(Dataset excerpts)
BEGIN
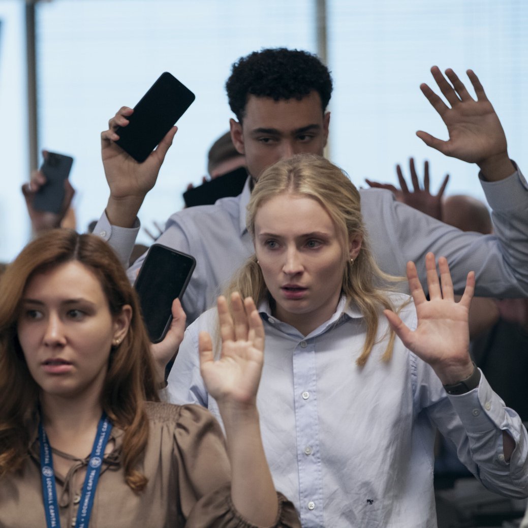 Zitternde Hände, leises Schluchzen, gerötete Augen - allein schon die Reaktionen der Mitarbeitenden, die an dem Ort, an dem sie eine Geiselnahme wohl am wenigsten vermuten, überzeugen emotional. Auch Sophie Turner glänzt in ihrer Darstellung, vor allem, da zu diesem Zeitpunkt genau genommen nichts über sie als Hauptfigur bekannt ist. Dafür spricht ihr Verhalten für sich: Zuerst opfert sie sich für Myrtle, die sich bei einem Aufruf der Geiselnehmer meldet. Dann unterstützt sie Luke, der kurz vor einem Nervenzusammenbruch steht. Schließlich nimmt sie den Anruf der Bank entgegen und gibt die Transaktion in Milliardenhöhe frei. Doch ist sie wirklich eine Heldin oder gehört das alles bloß zum Plan?
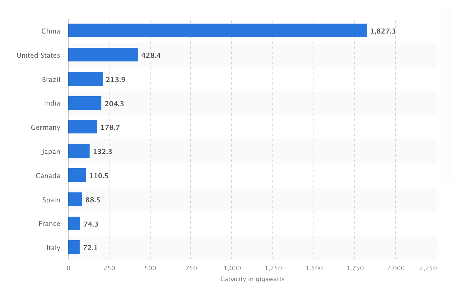 世界の再生可能エネルギー設備容量ランキングは以下の通りです。
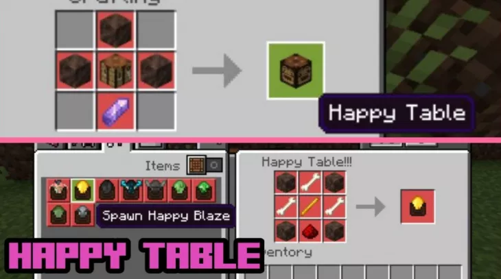 Чтобы создавать этих счастливых мобов, понадобится Стол Счастья — новый верстак, с помощью которого можно превращать обычных мобов в добрых. Для его крафта потребуется 1 верстак, 3 блока почвы душ и 1 аметист.
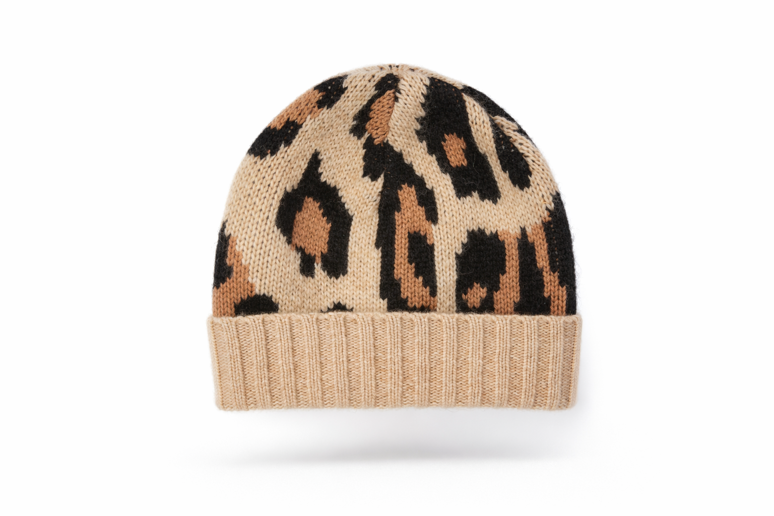 A refined cold-weather essential, this beanie is crafted from pure cashmere and finished with a bold leopard intarsia motif. Soft, lightweight, and naturally insulating, it delivers warmth without bulk while adding a distinctive graphic touch to everyday looks.
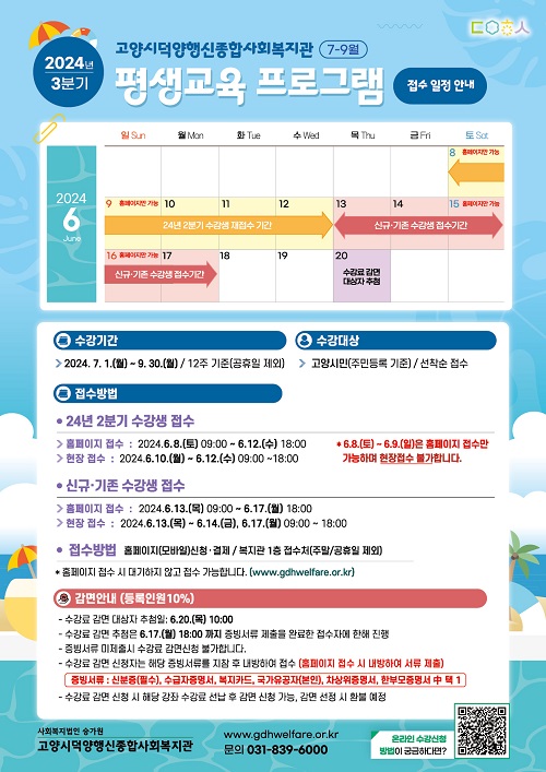 고양시덕양행신종합사회복지관에서 2024년 3분기 평생교육 프로그램을 접수합니다.
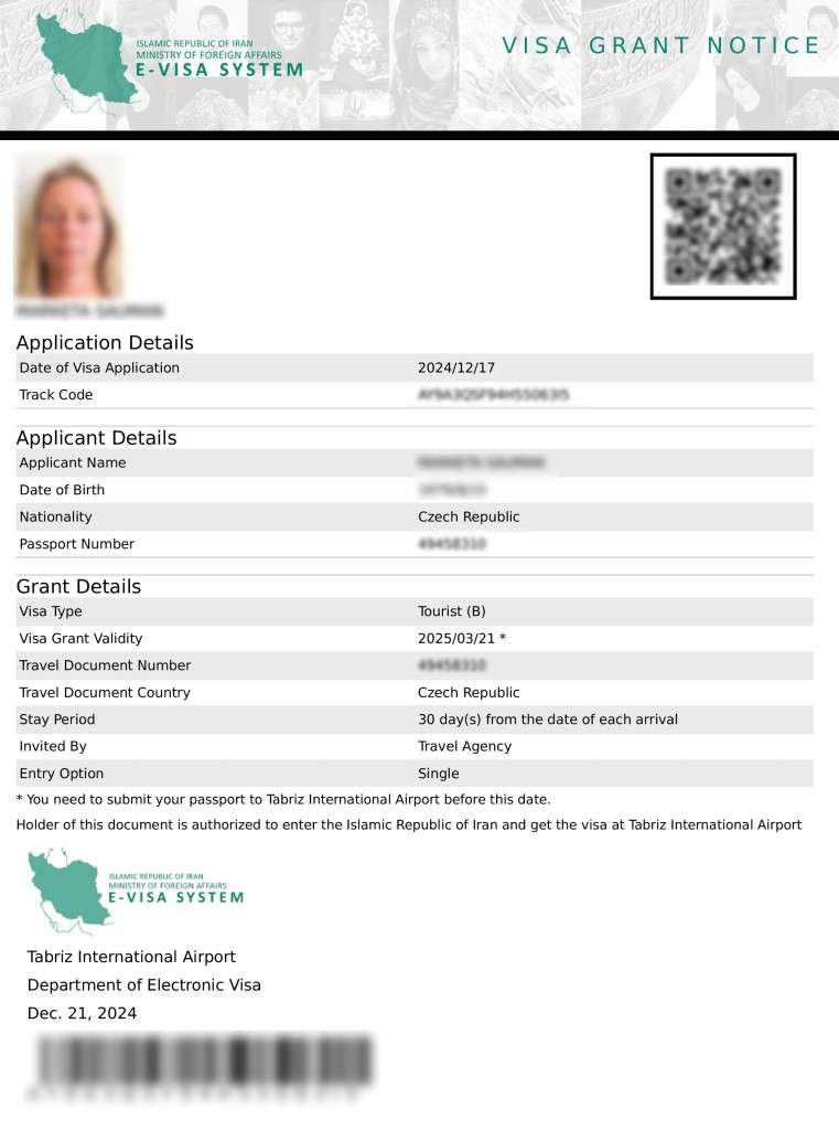 Upozorňujeme cestující, kteří si chtějí vyřídit e-vízum až po příletu do Íránu, že na letišti v Praze a ve Vídni je špatně vyškolený, navíc arogantní personál, který v posledních 12 měsících odmítal některé cestující odbavit k letu na základě platného vízového referenčního čísla. Pokud máte na ref. čísle po naskénování QR kódu hlášku „Application status: Accepted (Not issued)“ je to správně, protože status se změní po příletu do Íránu a zaplacení 75 EUR na „Visa issued“. Pro případ, že se vám to stane, trvejte na správnosti a platnosti dokumentu, kontaktujte svoji aerolinku, odvolávejte se na managery, na IATA pravidla, na fakt, že si letištní personál může zavolat do Teheránu a ověřit si to tam. A i kdyby to nepomohlo, tak chtějte písemné potvrzení, že vás do letadla nepustili i přes platnost všech dokumentů ať můžete pak požadovat kompenzaci. Pokud nechcete zažít dobrodružství na letišti v Praze či Vídni, vyřiďte si vízum na ambasádě Íránu v Praze – podle posledních informací to tam funguje svižně. Odmítnutí boardingu hrozí zejména u Turkish Airlines – tato aerolinka se tupě rozhodla, že nezaplacená ref. čísla neboli Visa Grant Notice k zaplacení a vyřízení víza po příletu do Íránu prostě nebudou uznávat a odmítnou vám boarding.
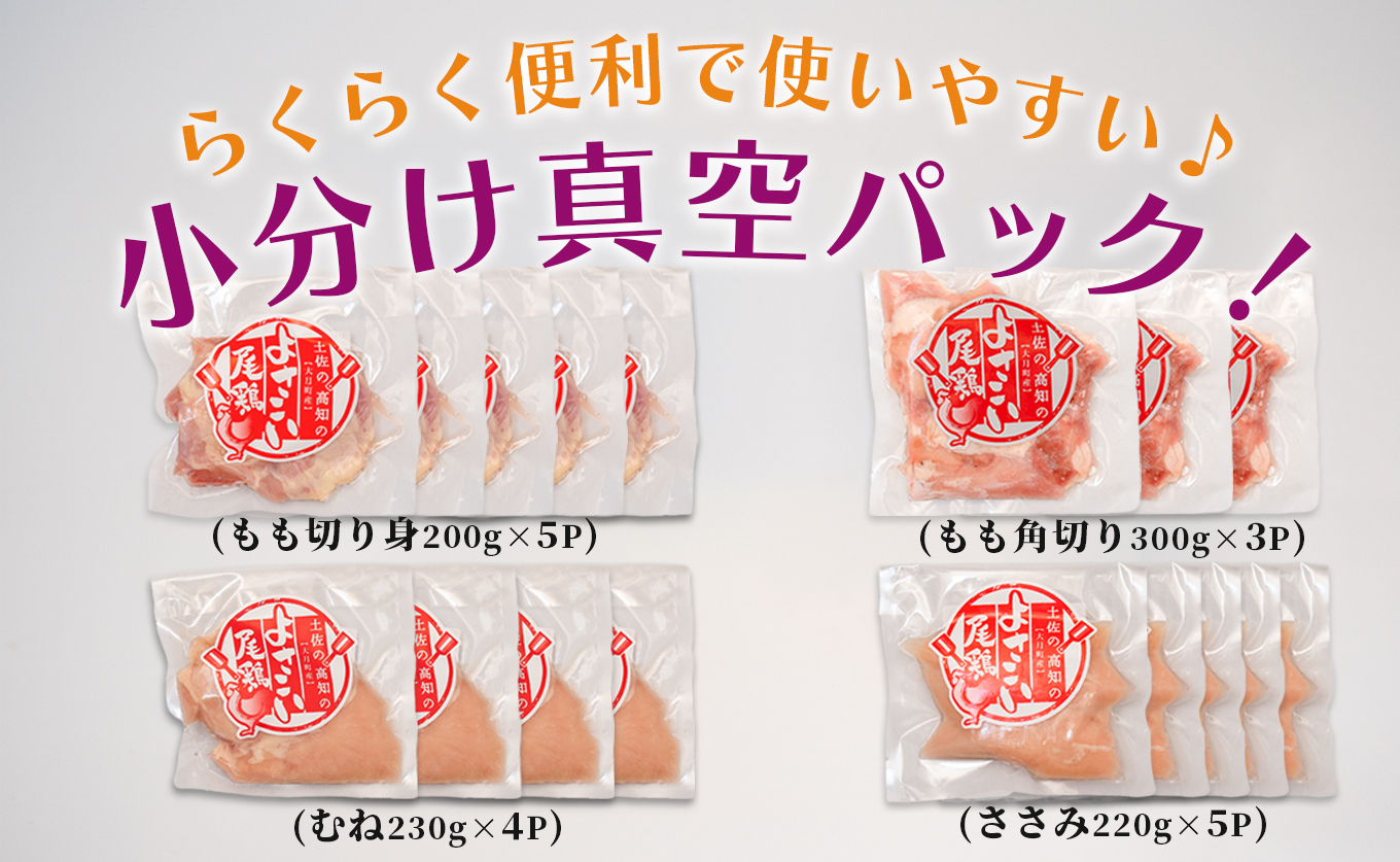さばきたてのよさこい尾鶏を急速冷凍することで、処理したての美味しさを保ち、使いやすさを考えて、小分けにしたパッケージでお届けします。
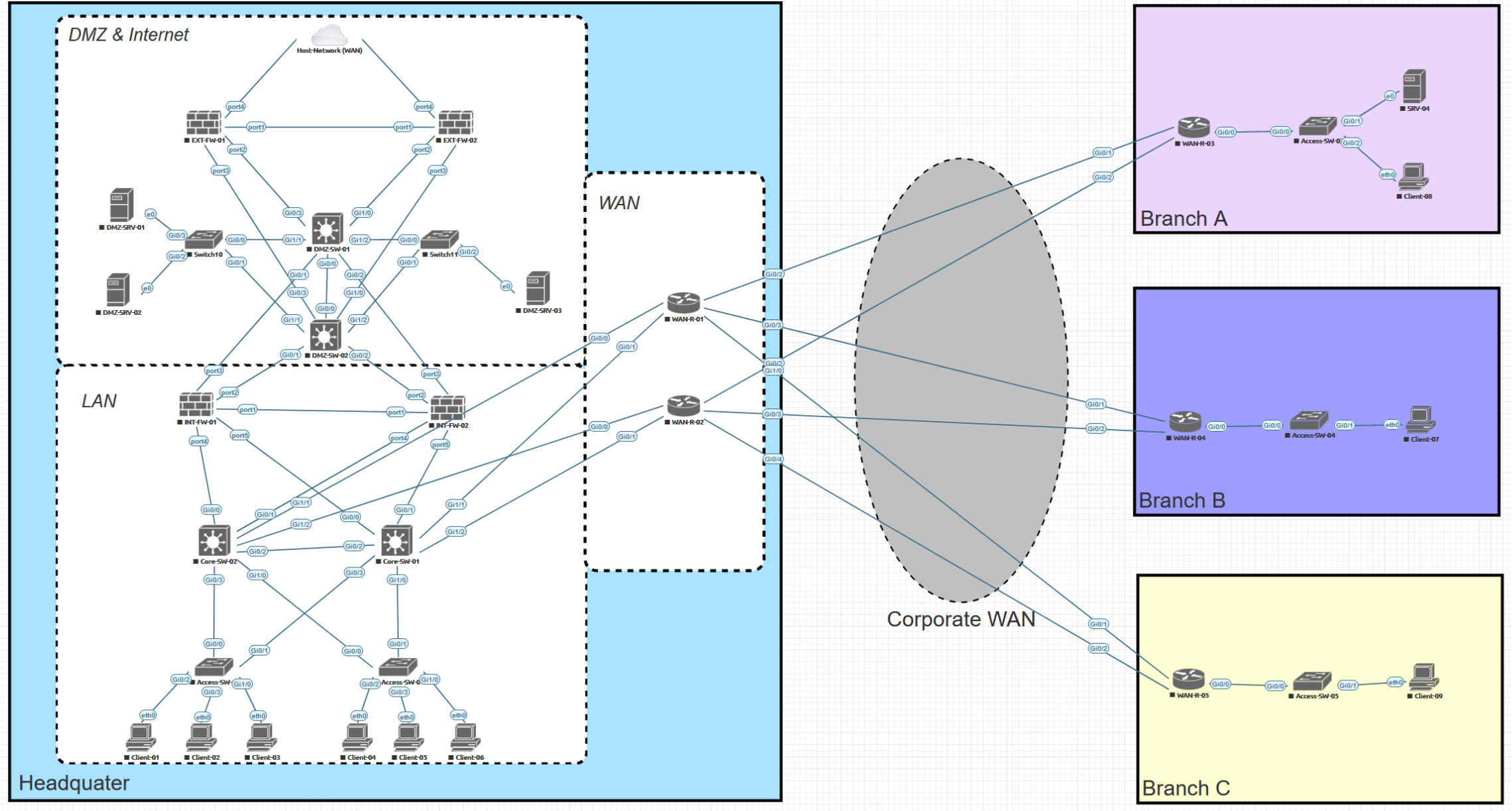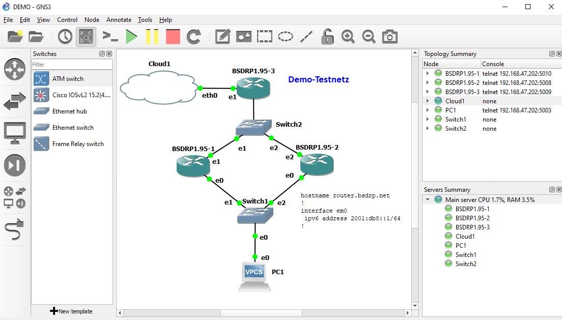 Abbildung 7: Beispiel für ein emuliertes Campus-Netz in EVE-NG
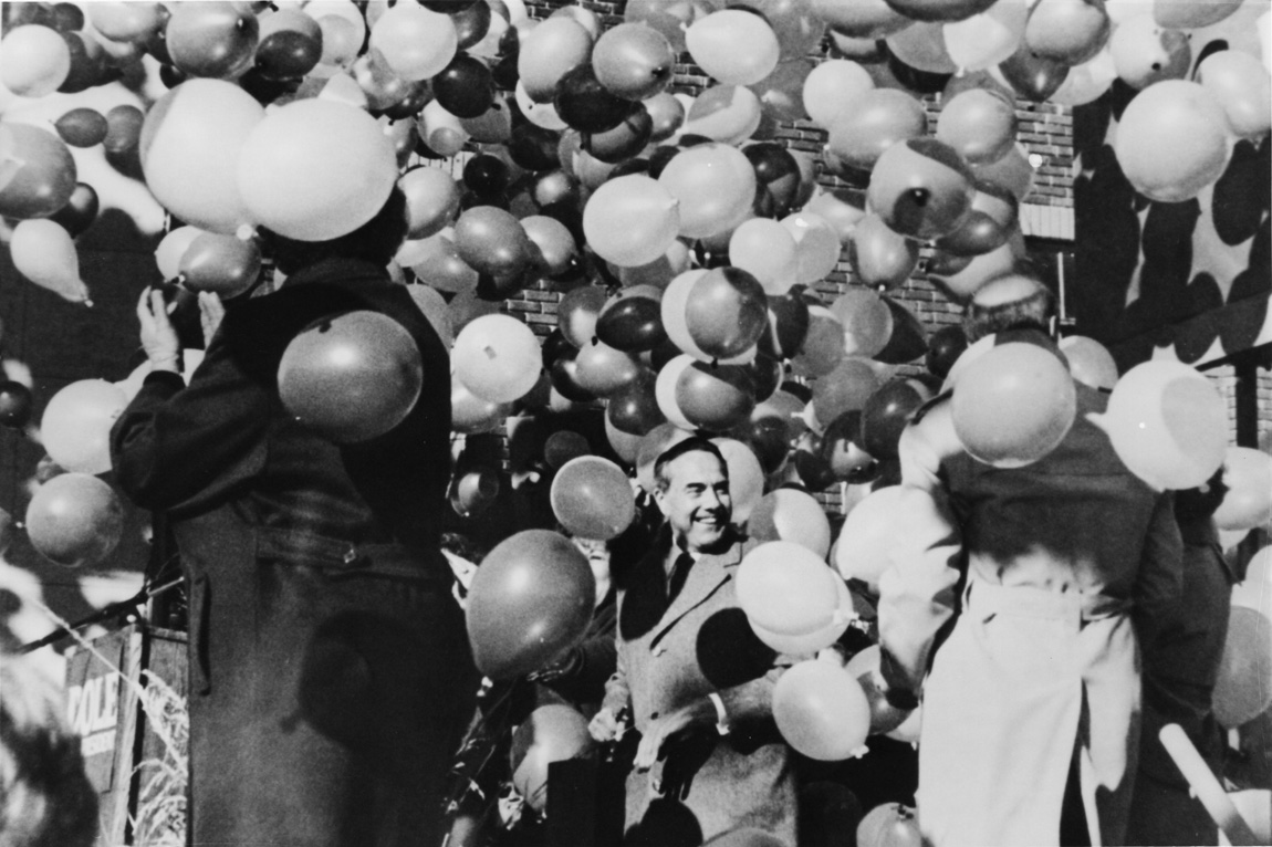Presidential candidate Bob Dole standing amidst balloons, 1996 | Dole Archive Collections
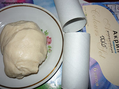 Приготовим то, что необходимо. А именно замесим соленое тесто. Делать это очень просто. Берём стакан муки, стакан соли и добавляем немного воды, всё перемешиваем и в холодильник на 2 часа. Вынимаем из холодильника и тесто готово. Еще нам понадобится 2 или 3 рулончика от туалетной бумаги. Так же не забудьте про краски, кисть и стаканчик с водичкой.
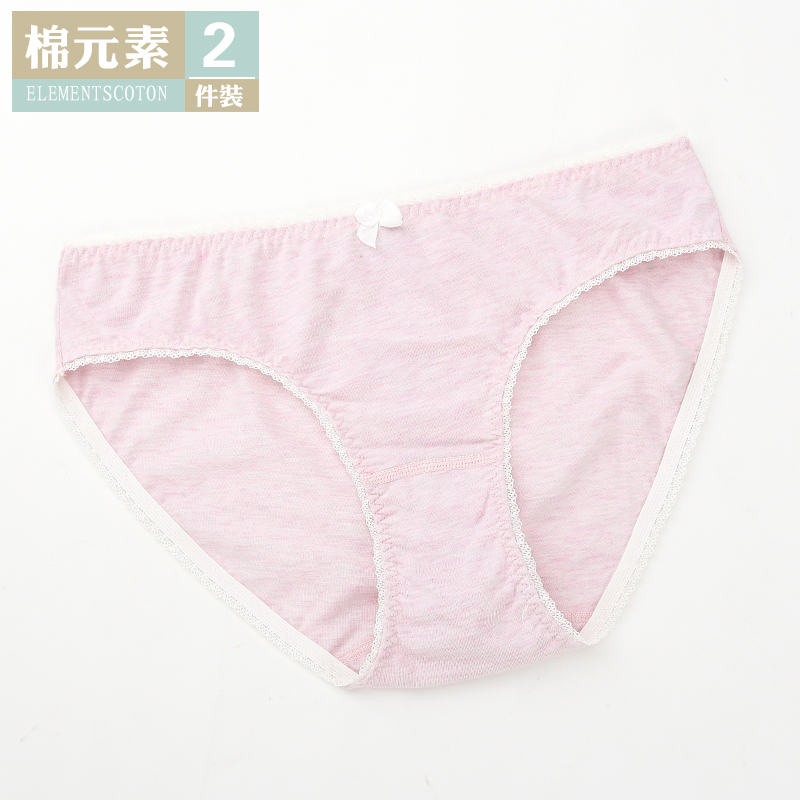 三角内裤 2条装 纯棉条纹中低腰简约舒适薄款 素女内裤 女LM571A 棉元
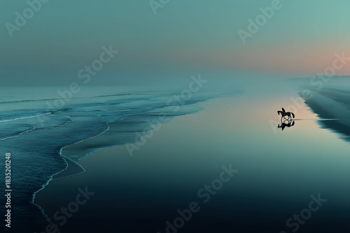 © D, Naklejka premium Serenity of a Misty Beach with Lone Horse at Dawn - Tranquil Landscape for Calmness and Reflection
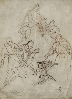 Etude pour la Vierge et l'Enfant parmi les saints, encre et sang...
END
- Exercise objective: Give the lines exactly, from the first line of the entries to the line with "Чтобы создавать этих", both ends included. Skip the pictures.

- Solution to this problem:
 Zitternde Hände, leises Schluchzen, gerötete Augen - allein schon die Reaktionen der Mitarbeitenden, die an dem Ort, an dem sie eine Geiselnahme wohl am wenigsten vermuten, überzeugen emotional. Auch Sophie Turner glänzt in ihrer Darstellung, vor allem, da zu diesem Zeitpunkt genau genommen nichts über sie als Hauptfigur bekannt ist. Dafür spricht ihr Verhalten für sich: Zuerst opfert sie sich für Myrtle, die sich bei einem Aufruf der Geiselnehmer meldet. Dann unterstützt sie Luke, der kurz vor einem Nervenzusammenbruch steht. Schließlich nimmt sie den Anruf der Bank entgegen und gibt die Transaktion in Milliardenhöhe frei. Doch ist sie wirklich eine Heldin oder gehört das alles bloß zum Plan?
 世界の再生可能エネルギー設備容量ランキングは以下の通りです。
 Чтобы создавать этих счастливых мобов, понадобится Стол Счастья — новый верстак, с помощью которого можно превращать обычных мобов в добрых. Для его крафта потребуется 1 верстак, 3 блока почвы душ и 1 аметист.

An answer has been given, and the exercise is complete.